* _Information shown_:
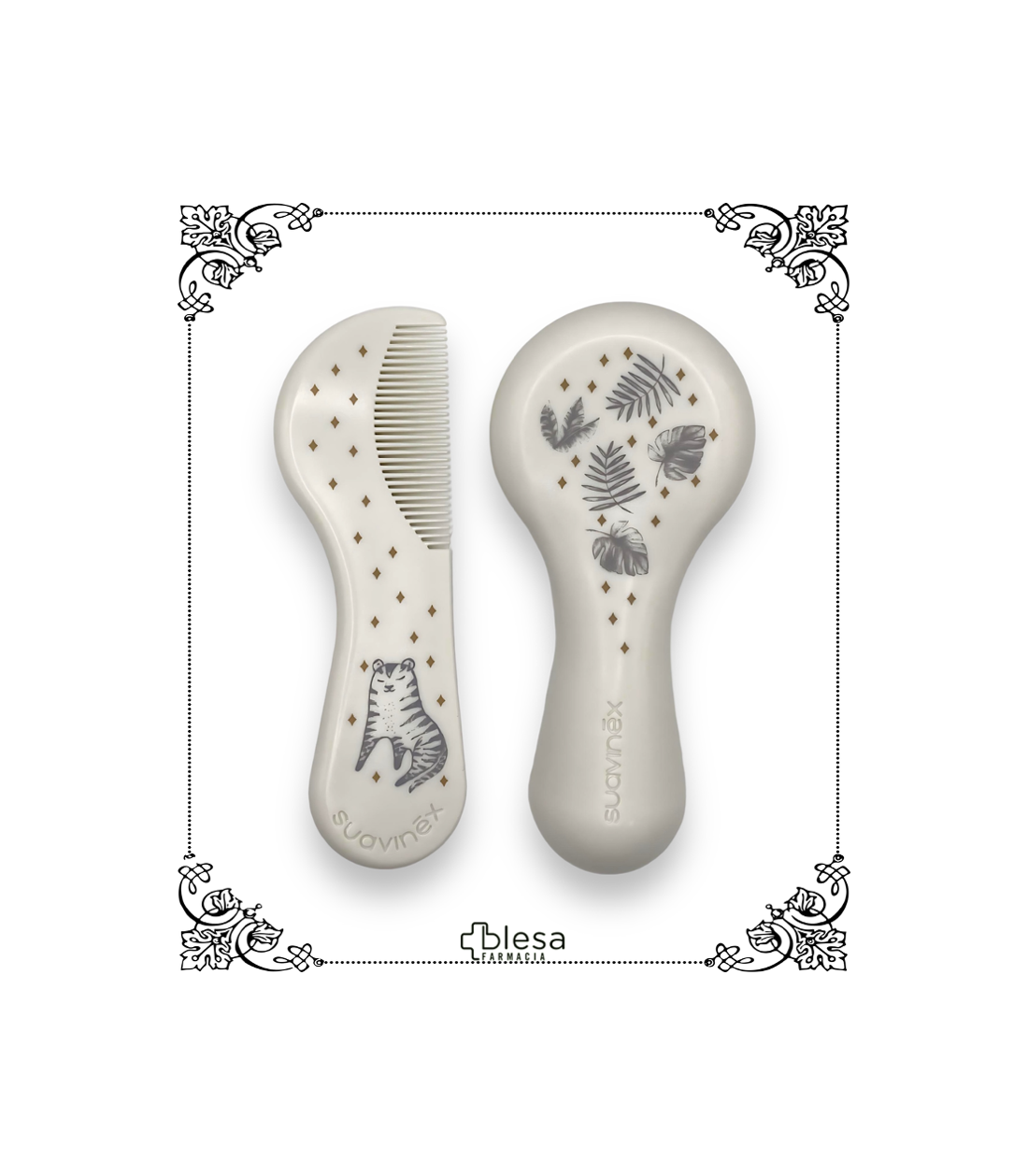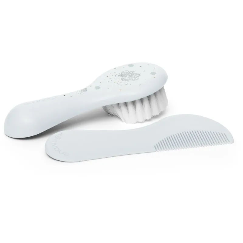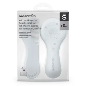 La brosse et le peigne bébé Dreams de la marque Suavinex sont spécialement conçus pour respecter la délicatesse du cuir chevelu des nouveau-nés. Leur forme arrondie et ergonomique, associée à des matériaux doux et sûrs, offre un confort optimal lors du coiffage. La brosse est dotée de poils denses et extra souples pour lisser en douceur sans irriter, tandis que le peigne est muni de dents fines et arrondies pour démêler sans tirer ni griffer. Adapté dès la naissance, ce set est idéal pour l’hygiène quotidienne des tout-petits et constitue également un joli cadeau de naissance. Confectionné sans Bisphénol A et avec des poils synthétiques non issus d’animaux, il allie sécurité, hygiène et tendresse.
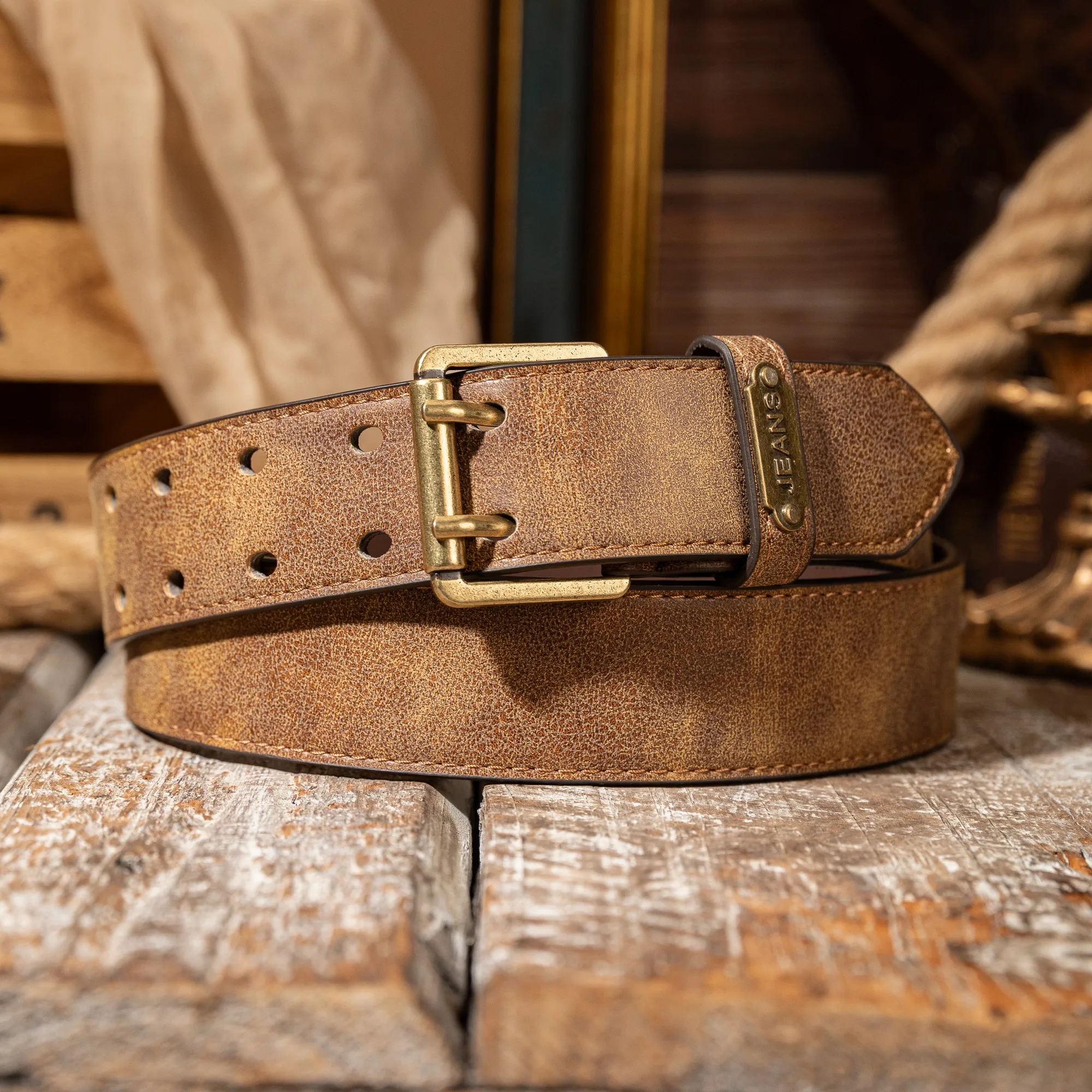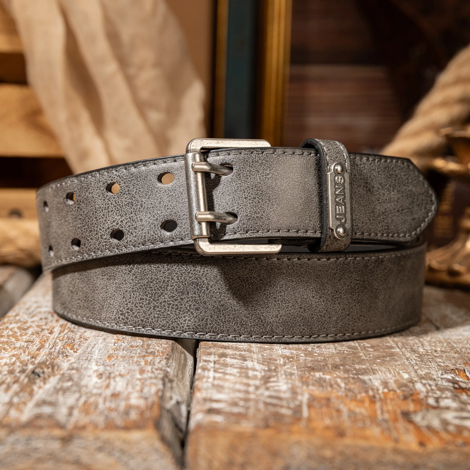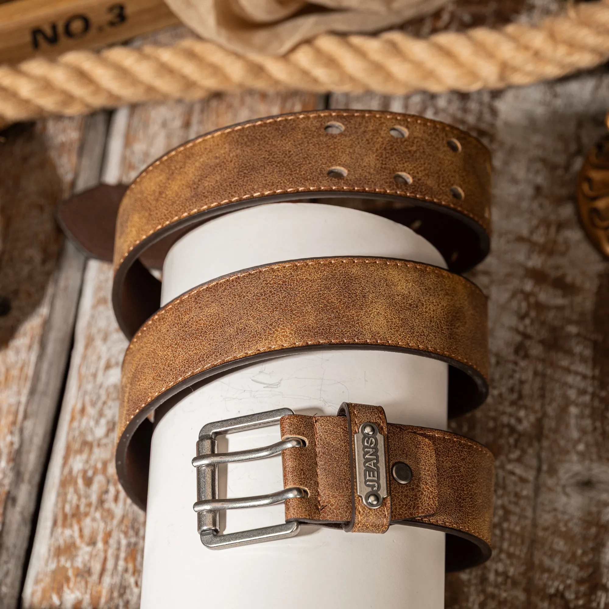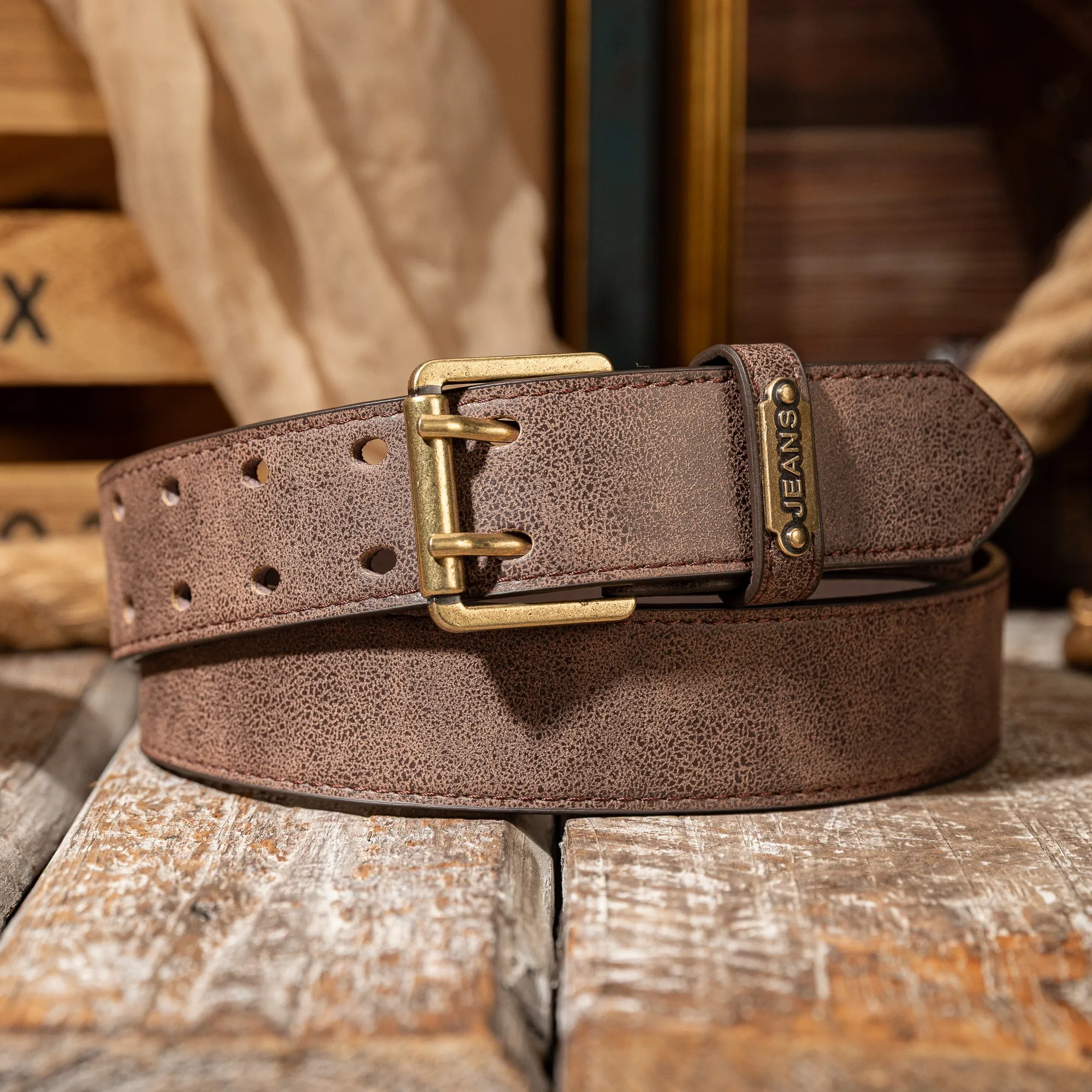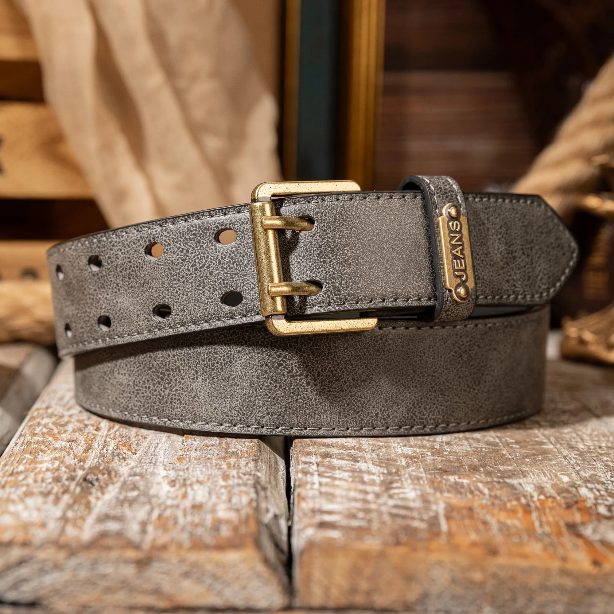 Double-row hole pin buckle letter ring, retro and aged PU leather unisex belt
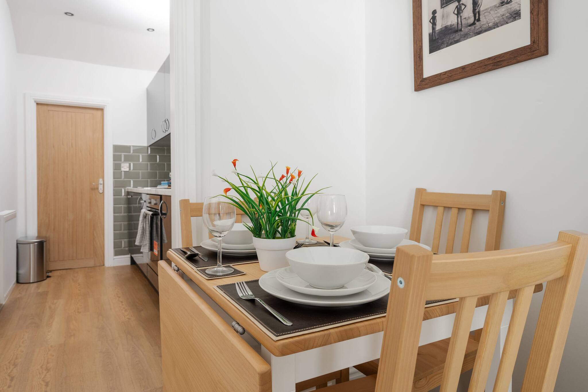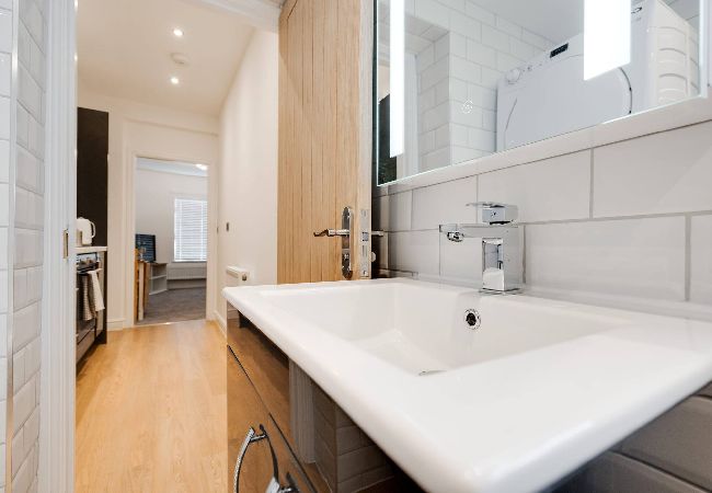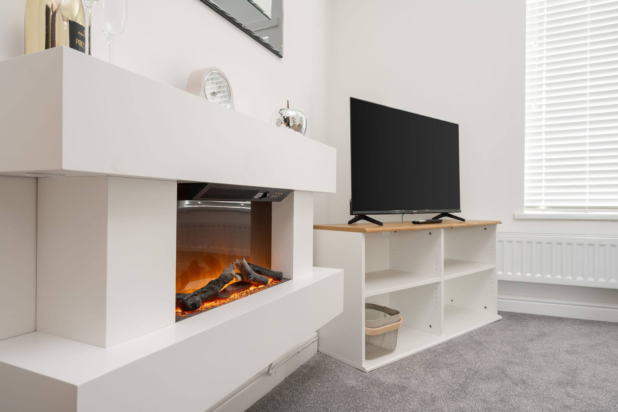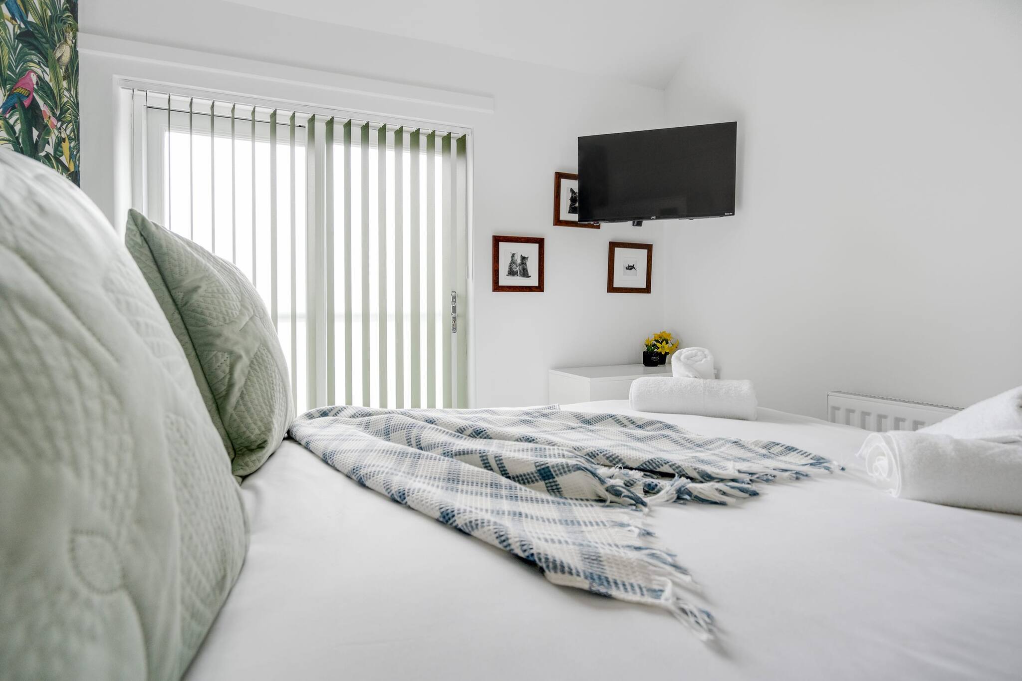 There is an open plan lounge, which contains a comfortable sofa bed, dedicated desk, dining table and Smart TV. You're able to sign into the Smart TV with your streaming accounts. There is an electric fire, to provide a snug feeling in the winter if you prefer it to the radiators.

* _Task requirements_:
Starting at the line that contains "Double-row hole pin", transcribe every line through the end of the listing exactly, including both end lines and excluding pictures.

* _Written answer_:
 Double-row hole pin buckle letter ring, retro and aged PU leather unisex belt
 There is an open plan lounge, which contains a comfortable sofa bed, dedicated desk, dining table and Smart TV. You're able to sign into the Smart TV with your streaming accounts. There is an electric fire, to provide a snug feeling in the winter if you prefer it to the radiators.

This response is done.